Tensions were high walking into Trisha and Dylan's house from the get go. They'd invited me there for a third time after this facebook situation where Trisha was mad and thought I was "calling her out." 

I never mentioned Trisha on any of my statuses, however I did post one after she acted accusatory about stealing her Alice doll. I was like, "Like this if you think I would never steal from you. Comment if I've been to your house." and it got like 40 + hits. I guess I posted it so she'd see how many people do trust me and that I wouldn't steal her doll. Needless to say, plan backfired, and she ended up posting a comment saying that she never accused me of stealing anything. The whole thing was really weird. 
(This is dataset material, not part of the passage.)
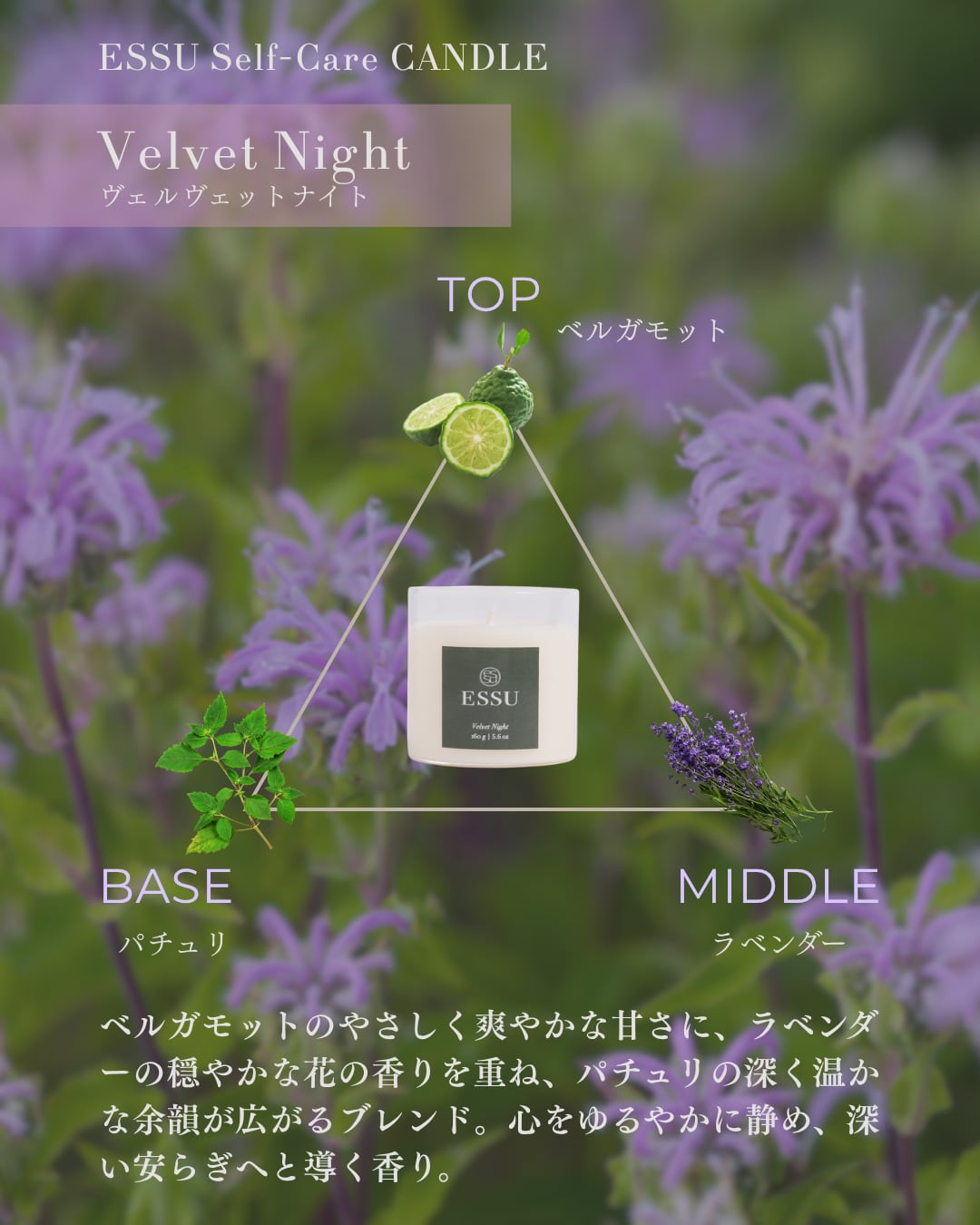 ベルガモットのやさしく爽やかな甘さに、ラベンダーの穏やかな花の香りが重なり、パチュリの深く温かな余韻が広がる。心をゆっくりと静め、眠りへと誘う落ち着いた香り。
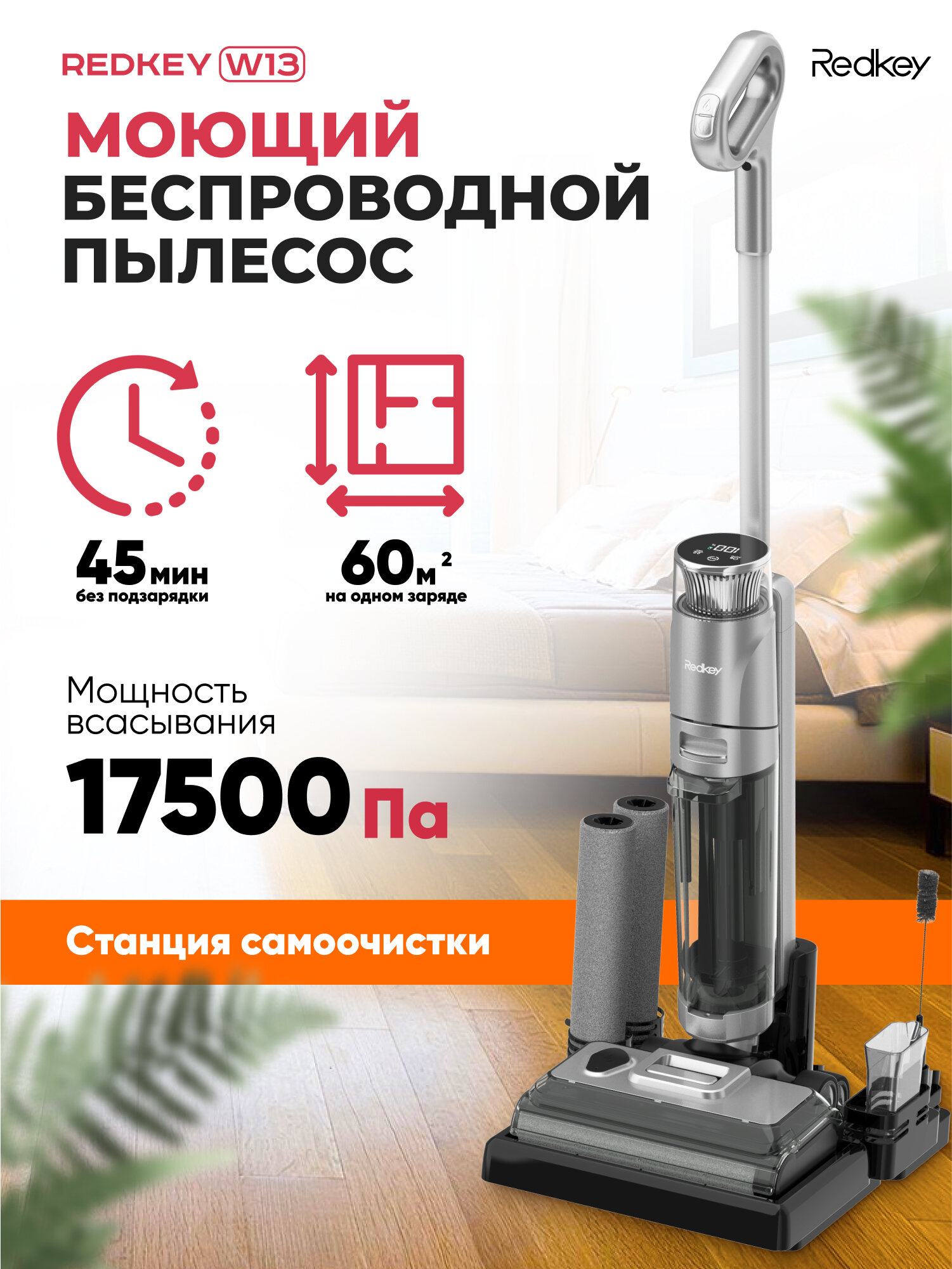 Моющий беспроводной пылесос Redkey W12 Pro с станцией самоочистки (Глобальная версия) 3 в 1 / мойщик окон / пылесос- химчистка мебели и тканей

I sat down in the living room as we were waiting for this guy to come over and fix the dishwasher. A skinny, red skinned, high cheekboned man walked in past me and I jokingly asked if I could help him with anything and he said "No." I'm cracked up and said I couldn't help anyway. I was trying to make light of things as Trisha was frantically running around tidying up for her probably drug addicted neighbor. 

Okay, maybe not. He could just be a random blue collar guy, but all I'm saying is he does not look like someone that would care if their neighbors made a tiny bit of noise after 9:00. Their neighbor's yard is pretty shabby, indicating a more relaxed atmosphere than the one I dealt with at Trisha and Dylan's.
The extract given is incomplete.